Adelaide grows up in Independence, Missouri, not far from the boyhood home of Harry Truman with whom her brother plays. Blessed with parents who did not embrace every Victorian value, she learns banking from her father and is hired as a teller/secretary in 1889 at Stifel Bank. She finds bank work intriguing and is skillful but has to face a constituency of clients who scoff at women in any profession besides teaching. Determined to overcome societal rebuff, she must have courage or be defeated. Things improve until one day, she overhears her manager and assistant. Hiding in the back room, she listens further, and suspects they are embezzling the bank. If she stays silent, she’ll be accused. If she reports it, she’ll still be accused but probably vindicated. The men are arrested and the courts scenes are harrowing.

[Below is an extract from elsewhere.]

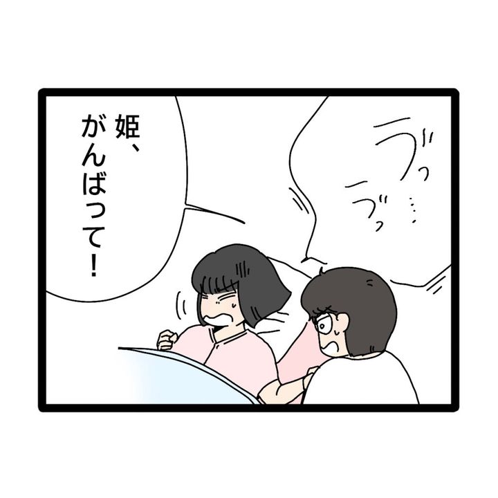 「う゛っ・・う゛」と唸るきみこに、「姫、がんばって!」と声をかけました。

Dampened by scandal, Adelaide does something otherworldly. Hearing of the University of Arizona opening in 1891 to women, she goes west. To protect her identity in case the ruinous manager were to later search for her, she takes another name and chooses another profession. To help her asthmatic father, she considers some kind of medicine.

It was my delight to write a work of historic fiction. It was made public on Amazon and Barnes and Noble in February of 2020. Days after that, the pandemic virus arrived and spread widely through our land. Who could have known such a phenomenal horror could have greeted us in March that year?

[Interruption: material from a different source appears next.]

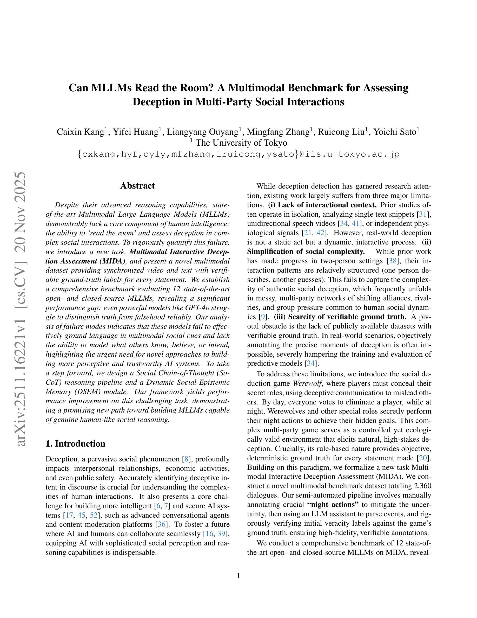 - 先进的多模态大型语言模型(MLLMs)缺乏“读懂房间”的能力,即在复杂社会互动中评估欺骗的核心人类智能。

Currently, I hope to possibly speak at libraries, and book clubs, to reach a wider audience with my story.

I’m now writing a sequel, likely to be titled A Summer Tanager. Adelaide and her fiancé Oliver continue to do life together, including their wedding in June 1893. Their adopted girls, from different races, encounter the consternation of many, forcing a consideration of how people are treated. Oliver is from Georgia, an entirely additional world. Because Addie has lost her maternal grandparents, she wants to meet his grandfather, Knoble Oliver Mason. But first, she must decide on her university work. The University of Arizona doesn’t offer upper-level classes in medicine. Will she attend The Women’s College in Philadelphia and if she does, where will she work next?

2 thoughts on “How I Wrote A Western Rose

  1. Fascinating to hear the story behind the story. Congrats are making the journey. Blessings on your efforts. Yes, your mom would be glad you finished. So happy for you.